Claims that user authentication schemes will reduce spam are not just wrong but "wrongheaded", a security researcher warned on Friday.

User authentication schemes such as SPF (Sender Policy Framework) and Sender ID check if machines are allowed to send email from a claimed domain - a kind of caller line identification (more here on email authentication). But "this doesn't tell you who the actual sender was or the spaminess of a message," Nick FitzGerald, of Computer Virus Consulting in New Zealand, said.

Worse, botnets - networks of "zombie" PCs controlled by hackers - "screw anti-spam authentication". he noted. "User authentication is worse than nothing at all. For example, SPF is broken before implementation because it's not just breakable but trivial to break," he said.

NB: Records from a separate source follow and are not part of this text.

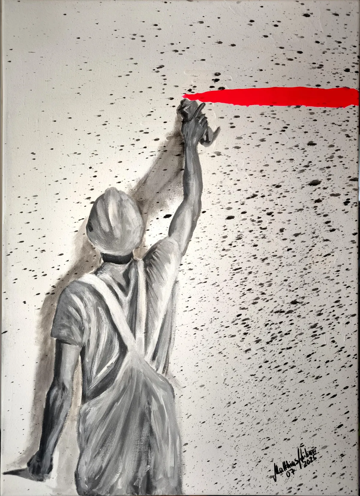 Monochrome, jugendliche Figur im Profil mit nach hinten geneigtem Kopf und offenen Armen; magentafarbene Striche über Stirn, helle Sprenkel links, schwarzer Grund rechts – ‚Farbstrich Ende‘ (2025).
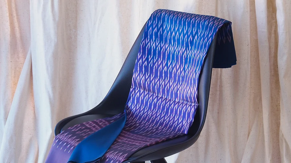 (ผ้าชุด)ไหมมัดหมี่ 3ตะกอ ไหมแท้ (ผ้าลาย 2หลา+สีพื้น2หลา) สีฟ้าม่วง รหัส M2B-CT-SKU102040
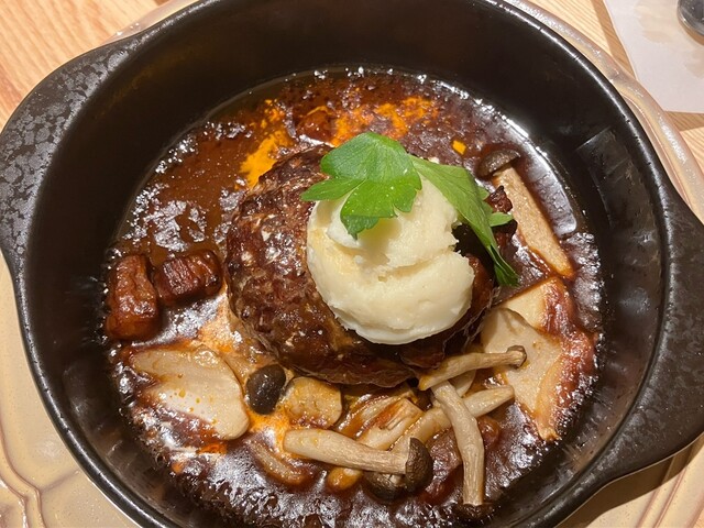 肉汁じゅわ〜の100%ビーフハンバーグを、上のマッシュポテトがまろやかに包んでくれて、コク深いデミ(シチュー)ソースが追い打ち、まさに王道の満足感がしっかりあります。
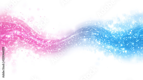 A sleek digital wave of glowing, fragmented light strips, alternating hues of blue and pink
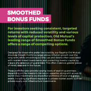SMOOTHED BONUS FUNDS For investors seeking consistent, targeted returns with reduced volatility and various levels of capital protection, Old Mutual’s leading range of Smoothed Bonus Funds offers a range of compelling options. Designed for those who prefer low volatility, our flagship Old Mutual Absolute Growth Portfolios target above-inflation growth over the long term, while smoothing out the ups and downs often associated with market-linked investments, and protecting investor capital by means of a selection of guarantees. This offers investors greater peace of mind, now and in the future. These portfolios also provide varying levels of explicit guarantees, depending on the investor’s risk-return appetite; along with access to world-class investments via diversified portfolios of local and global assets, including significant exposure to private market assets such as private equity and infrastructure investments.
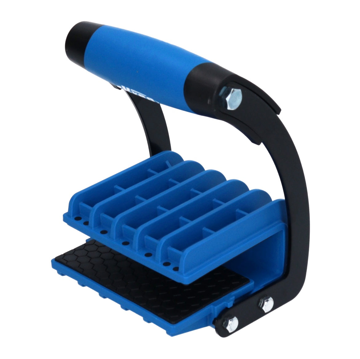 Die Firma Kreg bietet mit dem KMA300 einen praktischen Plattenträger, mit dem es problemlos möglich ist große Platten oder Sperrholz mit einer Größe von bis zu 120 x 240 cm unkompliziert zu tragen. Das Holz lässt sich ganz einfach einspannen und der Plattenträger passt sich dabei automatisch der Materialdicke an. Durch die mit Kreg GripMaxx beschichtetet Pads wird ein sicherer Halt gewährleistet ohne das Material zu beschädigen oder Abdrücke zu hinterlassen. Durch das Anheben des Griffes wird der Plattenträger automatisch zusammengedrückt und die Polster halten das Material. Hierbei schneidet der Griff, durch seine gute Polsterung nicht in die Hand. Die Firma Kreg ist ein führender Hersteller für Werkzeuge zur Herstellung hochwertiger Möbel, der sich vor allem durch seine lange Tradition und seine hohe Verarbeitungsqualität auszeichnet.
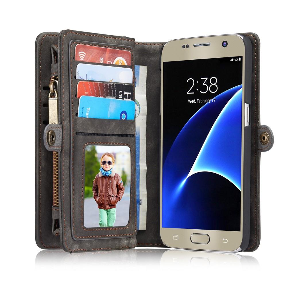 Multi-Slot Handytasche für Samsung Galaxy S7. Geräumige und sehr praktische Portemonnaie-Hülle mit viel Platz für Karten und Geldscheine. Dein Handy sitzt sicher in der abnehmbaren Magnet-Hülle, und du kannst jederzeit zwischen nur Hülle oder Portemonnaie-Hülle wechseln.
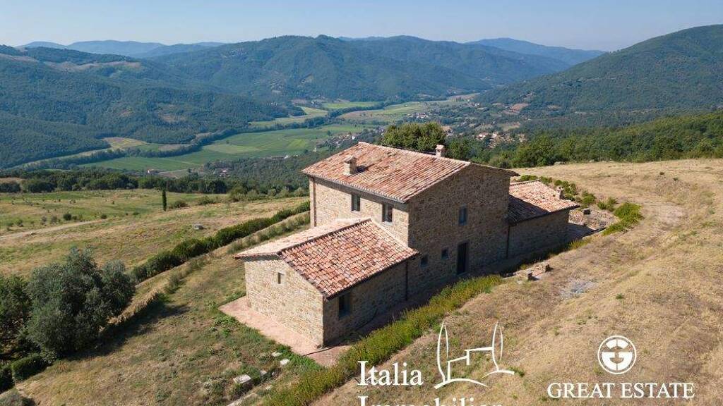 Exklusives Landhaus, in Umbrien in Città di Castello - "Genga" ist die Bezeichnung für ein elegantes Landhaus, das buchstäblich aus einem jahrhundertealten Bauernhaus in den Hügeln entstanden ist, etwa 550 Meter über dem Meeresspiegel gelegen und mit einem herrlichen Panoramablick über das gesamte Valle di Nestore. Das Landhaus hat eine Fläche von ca. 246 qm auf 2 Ebenen und ist im Inneren wie folgt aufgeteilt: Erdgeschoss: Die französischen Fenster im Erdgeschoss erhellen das Zentrum des Hauses, bestehend aus dem großen und gemütlichen Wohnzimmer, das von dem schönen Travertin-Kamin geprägt ist, der Küche mit direktem Zugang zum Garten, einem Arbeitszimmer, das als Doppelschlafzimmer genutzt werden könnte, und einem Badezimmer. Erster Stock: Drei Schlafzimmer mit zwei Bädern. Das Anwesen wird durch ein exklusives Grundstück von ca. 1,1 ha ergänzt.
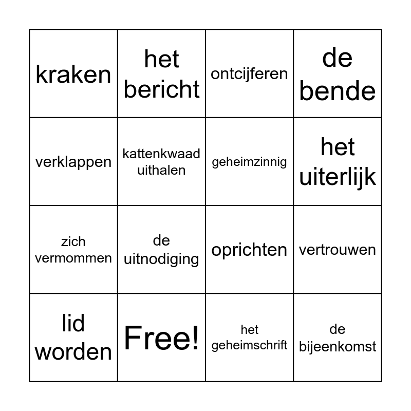 This bingo card has 21 words: Free!, bespioneren, het bericht, de code, het geheimschrift, geheimzinnig, kraken, ontcijferen, oprichten, het uiterlijk, zich vermommen, de bende, de bijeenkomst, buitensluiten, kattenkwaad uithalen, de leden, lid worden, de uitnodiging, verklappen, vertrouwen and voor je houden.
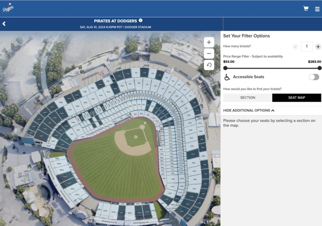 次に、ドジャー・スタジアムの座席表が表示されるので、予約可能な席を選択しましょう。

Although current spam bots don't directly beat SPF it would be trivial to add a few lines of code to do just that, according to FitzGerald, who was speaking at the Virus Bulletin conference in Dublin on Friday.

Vesselin Bontchev of anti-virus firm FRISK disagreed with FitzGerald's conclusions, arguing that user authentication will at least help ISPs to identify compromised PCs. But FitzGerald said the economics of the ISP business meant that it cost too much to use this data to mount clean-up operations.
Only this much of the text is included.